There are two main ways a virus or Trojan infects a computer system. It’s either self or user executed.
Self executed is a virus or Trojan that uses a system security flaw, or exploit, to install itself without user interaction. Usually comes from an external source like a website or a media device like a USB FlashDrive and without your knowledge
User executed is when you install infected software (the Unreal IRCd comes to mind), execute a file by opening it or by giving permission when prompted to install it.
How big is the current Linux MalWare problem today?
I came across an Ubuntu Community Document called Linuxvirus that’s dated April 9, 2011 and lists 35 total Malwares that could infect Ubuntu Linux, a good number of which are no longer a threat. At the bottom of the page it recommends a Linux Anti-Virus solution called ClamAV that scans for MalWare for all the platforms: Windows, Linux, Macintosh and even Unix.
So if you are not setting up a Linux mail server or are someone who doesn’t indiscriminately download and install software from dubious websites you really have little to worry about. The Unreal IRCd wasn’t “dubious”, it had been hacked!
If you exchange files with Windows users you don’t also have to worry. The Windows user has to worry, though.
If you need or want a anti virus program, how much is enough?
You don’t need an active scanner, one that scans every file as it’s downloaded, opened or executed. Such programs are needed with the higher risk Microsoft Windows platforms but they are intrusive, bog down the PC and aren’t needed on Linux – yet.

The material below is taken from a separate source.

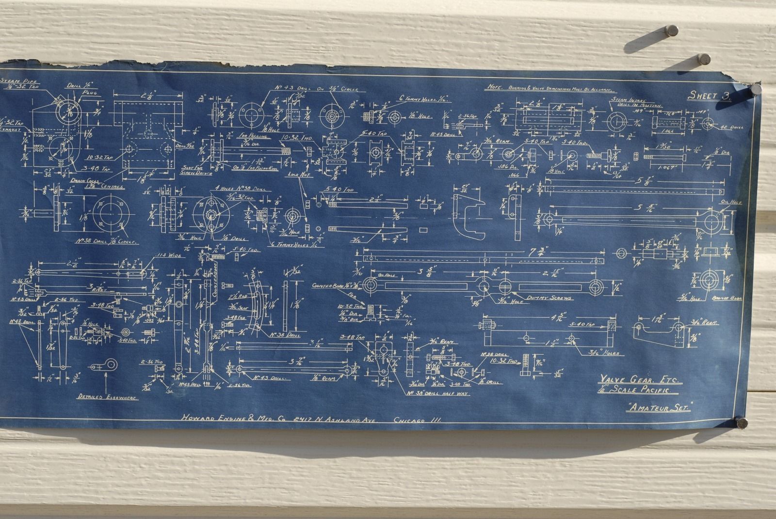 1/2 inch scale drawing of a 4-6-2 Pacific by Howard Engine & Manufacturing Company.

All you need is a Basic manual scanner that will scan the downloads before you execute or send them to your friends who use Microsoft Windows.

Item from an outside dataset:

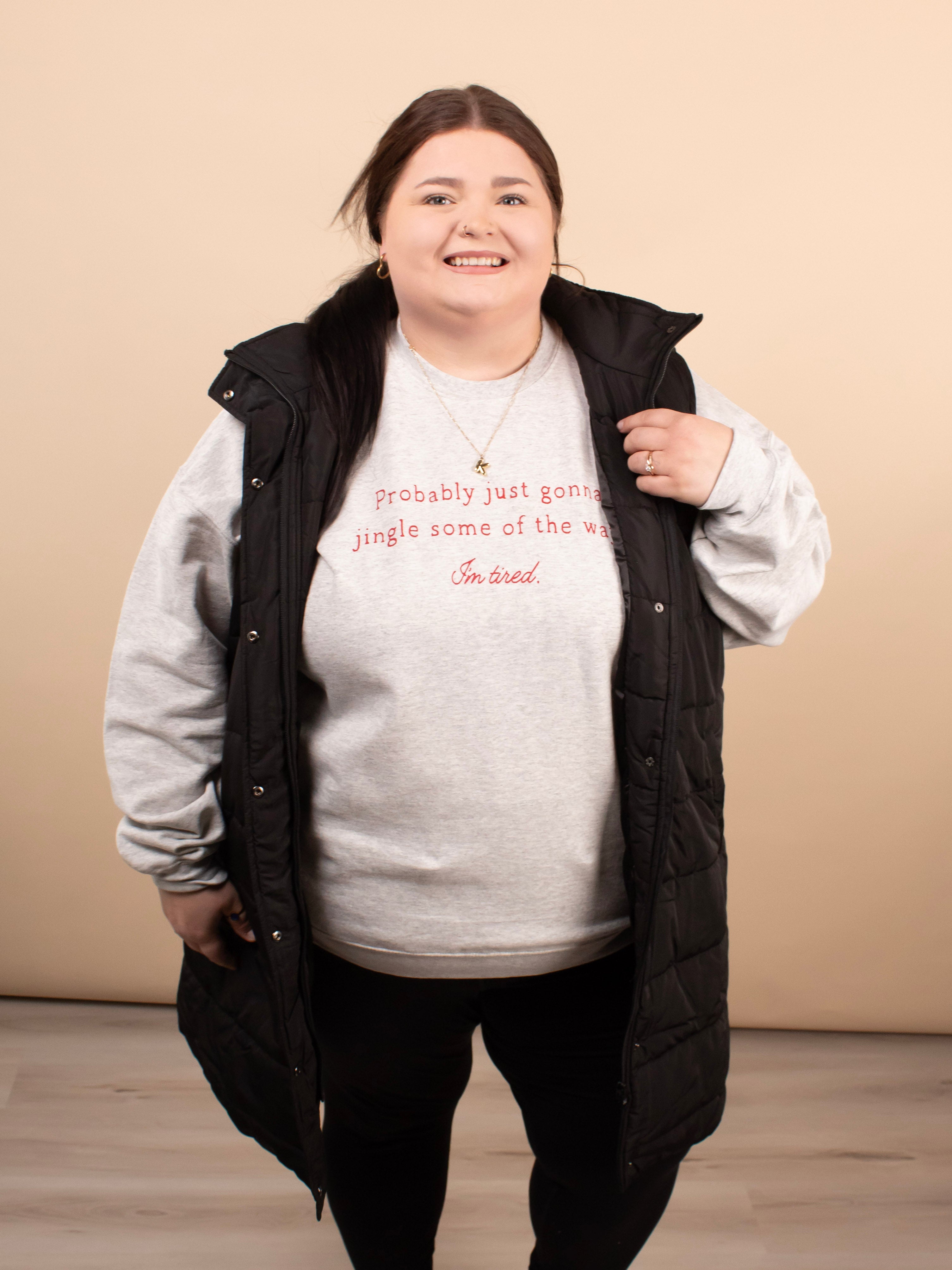 For the gals who love the holidays… but also love a nap. This crewneck brings the perfect blend of festive and funny with its playful phrase, “Probably just gonna jingle some of the way. I’m tired.” Soft, cozy, and effortlessly cute, it’s the ideal throw-on for marathon shopping days, tree-decorating nights, or any moment you want to look festive without going full-on holiday sparkle. A must-have for gift giving — and an even better treat for yourself.

The ClamAV solution from the Linuxvirus works well enough but has one disadvantage – it’s a command line operated scanner. There is a GUI interface for it but that doesn’t always work. I’ve been disapointed on more than one occasion.

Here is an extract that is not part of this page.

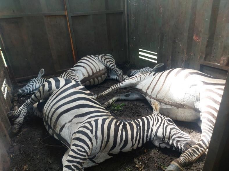 The zebras were initially loaded in the first collection chamber/ compartment of the translocation container where anaesthesia was reversed with 75mg Naltrexone. After they were fully awake and standing in the truck, the zebras were moved to the holding compartment. On 22nd May 2024, 10 zebras were translocated by a truck from Naivasha Police Station and Naivasha Prisons to Solai Wildlife Sanctuary approximately 120Km away. On 24th May 2024, 4 zebras were captured by chemical immobilization at Naivasha Prison(s). All animals were safely released in Solai Wildlife Sanctuary.

I’ve discovered a simpler solution that has the advantage of being usable from both the Linux and Windows sides of a dual-boot system, has a clean GUI interface and won’t conflict with the full featured Anti-virus program on the Windows side.
ClamWin Portable. A “portable” application is one desinged to be run without being installed on your system. The programs are self-contained and are usually on a USB FlashDrive. With portable software you can use a public PC at an Internet Cafe or Library and use your webrowser with your bookmarks.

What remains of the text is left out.